Yes, I am really enjoying Moby Dick. This is my third time around. I read this in high school as required reading, and I certainly enjoyed it then. Then I read it to my kids when they were fairly young, but I edited out a lot of stuff that I thought would be too confusing or frightening.

Now as an old guy, I am really finding the book fascinating. Yesterday afternoon I drank too much high octane coffee and I couldn't sleep last night. I haven't done that in decades. As a result I finally came downstairs to let my wife sleep in peace, and I read Moby Dick on my Kindle until past 2 am. I'm only about 27% through the book, so there is a long way to go, but me and Herman Melville are getting along quite well.

It's fun rediscovering some of these classic works. My wife and I have read a bunch of Dickens works out loud to each other. I know Jane Austen is not normally considered a guy's kind of writer, but I enjoyed reading "Pride & Prejudice" and "Sense & Sensibility." I have read a bunch of Sinclair Lewis, Mark Twain, Thomas Hardy, Joseph Conrad, John Steinbeck. I got a huge kick out of listening to my wife read "The Wind in the Willows" by Kenneth Graham.

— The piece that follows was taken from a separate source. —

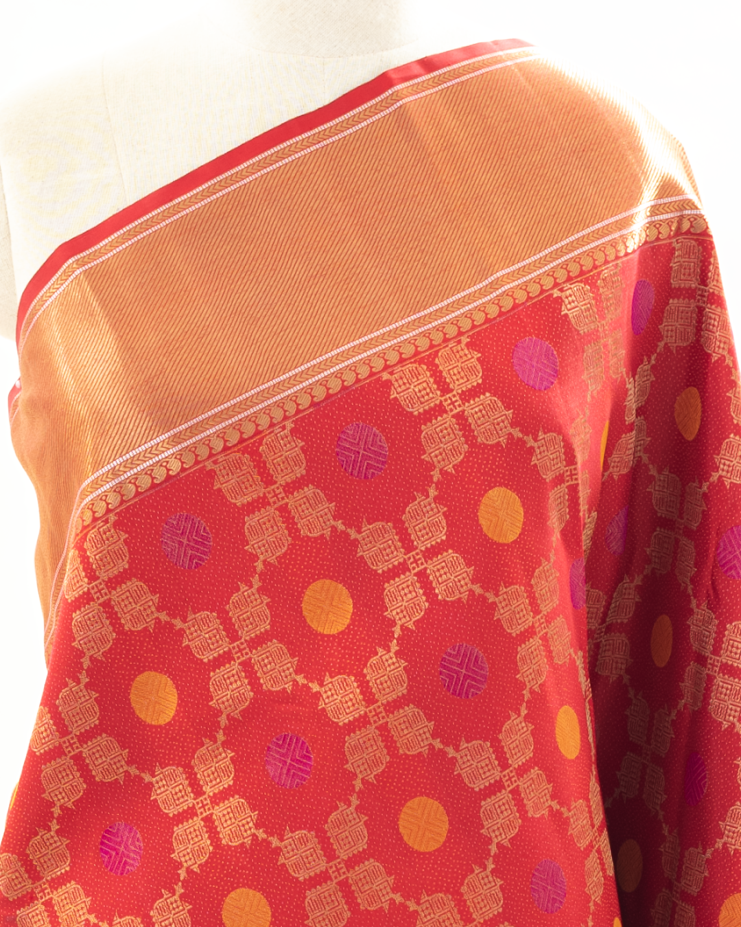 * Gently air it every 4–5 months to keep it fresh and vibrant. * Change the folds occasionally to prevent creasing. * For best results, roll the saree instead of folding it. * Store it in a soft cotton bag to protect the fabric. * Dry clean only to maintain its elegance and longevity.
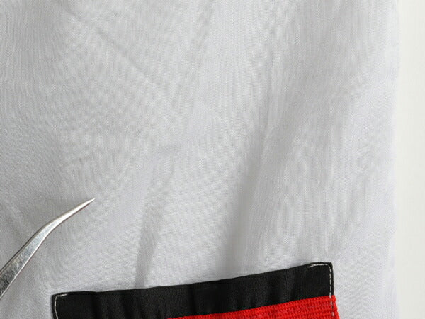 肩、ポケットにライン、左胸、バックにチェーンステッチ刺繍入り、ボックスシルエット。

I am not a fan of Ernest Hemmingway's writing, as much as I tried. I read "The Sun Also Rises" and "For Whom the Bell Tolls." Previously I had read "A Fairwell to Arms." And in high school "The Old Man and the Sea," which I liked very much.

I'm sure I have forgotten some of the books I or my wife and I have read over the last five years. I should have kept a log. We are going through a lot of books and really enjoying the time together.

We are reading all kinds of stuff, a pretty even mix of fiction and non-fiction, classics and modern stuff. We have read through some political works, too, but I won't get into details on that.

- Glenn
I read both Moby Dick, and Kon Tiki, while on a ship going to Vietnam... It was the perfect environment for reading those sea yarns.....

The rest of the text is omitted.